[Start of section]

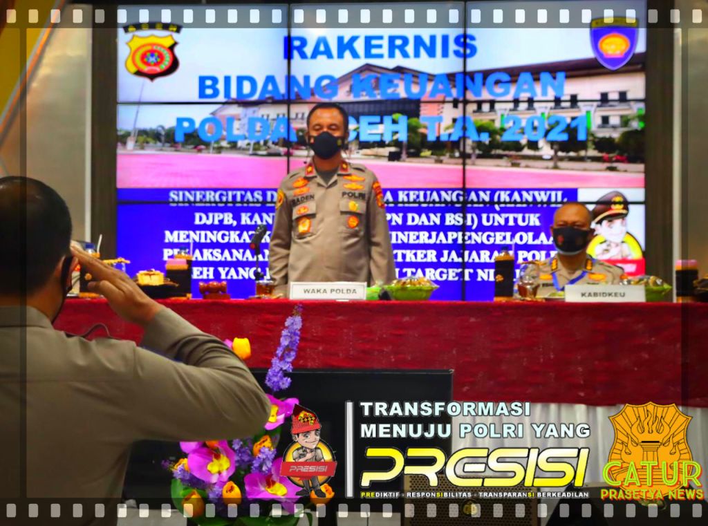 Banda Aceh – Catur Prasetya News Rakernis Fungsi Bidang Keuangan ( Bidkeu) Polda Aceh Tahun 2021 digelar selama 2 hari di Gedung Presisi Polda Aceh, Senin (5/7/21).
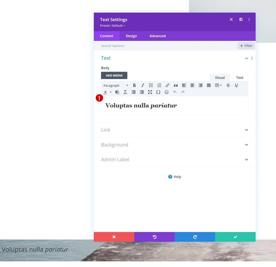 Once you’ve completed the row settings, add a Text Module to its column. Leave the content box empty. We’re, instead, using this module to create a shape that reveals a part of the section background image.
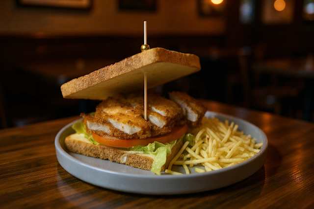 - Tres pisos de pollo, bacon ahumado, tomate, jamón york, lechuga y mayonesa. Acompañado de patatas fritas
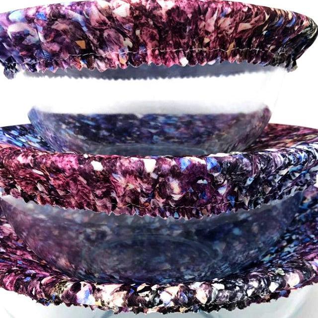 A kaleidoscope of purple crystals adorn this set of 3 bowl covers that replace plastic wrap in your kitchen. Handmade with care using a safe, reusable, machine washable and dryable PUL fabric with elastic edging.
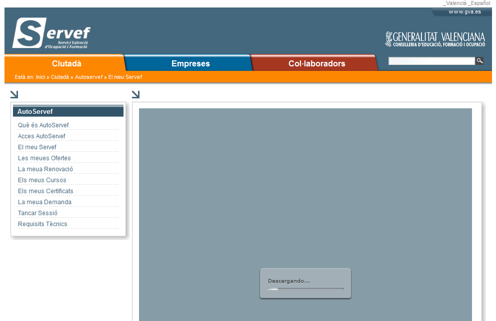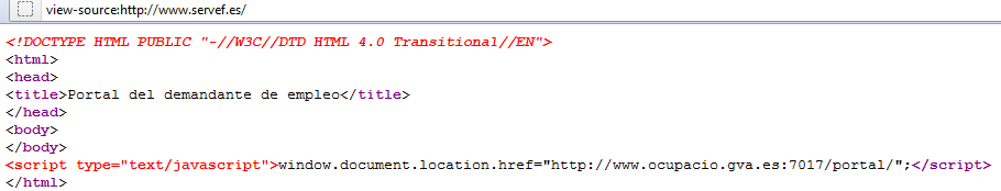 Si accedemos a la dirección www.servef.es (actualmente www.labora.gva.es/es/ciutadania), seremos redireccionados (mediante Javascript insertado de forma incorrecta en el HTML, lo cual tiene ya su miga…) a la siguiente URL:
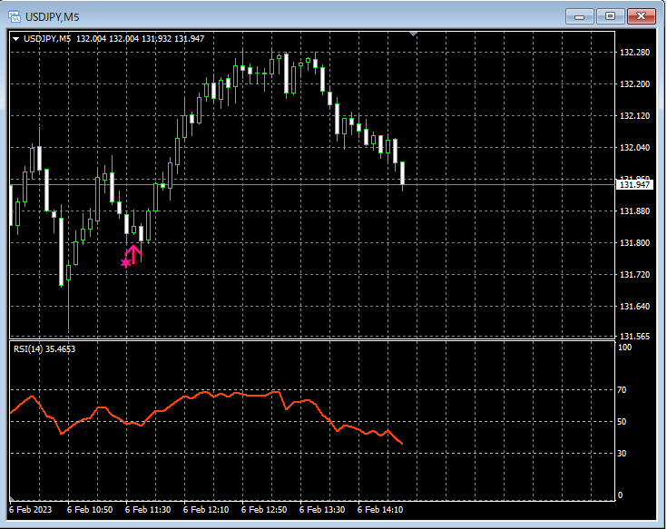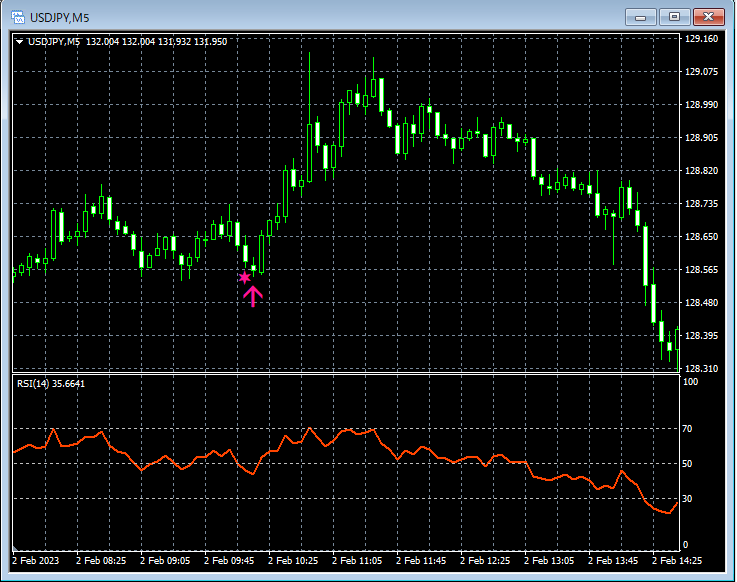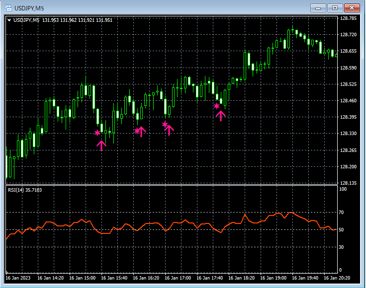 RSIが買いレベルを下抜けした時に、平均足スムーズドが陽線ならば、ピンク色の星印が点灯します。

[End of section]

Work instruction: Pictures stay out of the copy. Reproduce exactly the lines from the one containing "Once you’ve completed" through the last line of the records above, both included.

Written solution:
 Once you’ve completed the row settings, add a Text Module to its column. Leave the content box empty. We’re, instead, using this module to create a shape that reveals a part of the section background image.
 - Tres pisos de pollo, bacon ahumado, tomate, jamón york, lechuga y mayonesa. Acompañado de patatas fritas
 A kaleidoscope of purple crystals adorn this set of 3 bowl covers that replace plastic wrap in your kitchen. Handmade with care using a safe, reusable, machine washable and dryable PUL fabric with elastic edging.
 Si accedemos a la dirección www.servef.es (actualmente www.labora.gva.es/es/ciutadania), seremos redireccionados (mediante Javascript insertado de forma incorrecta en el HTML, lo cual tiene ya su miga…) a la siguiente URL:
 RSIが買いレベルを下抜けした時に、平均足スムーズドが陽線ならば、ピンク色の星印が点灯します。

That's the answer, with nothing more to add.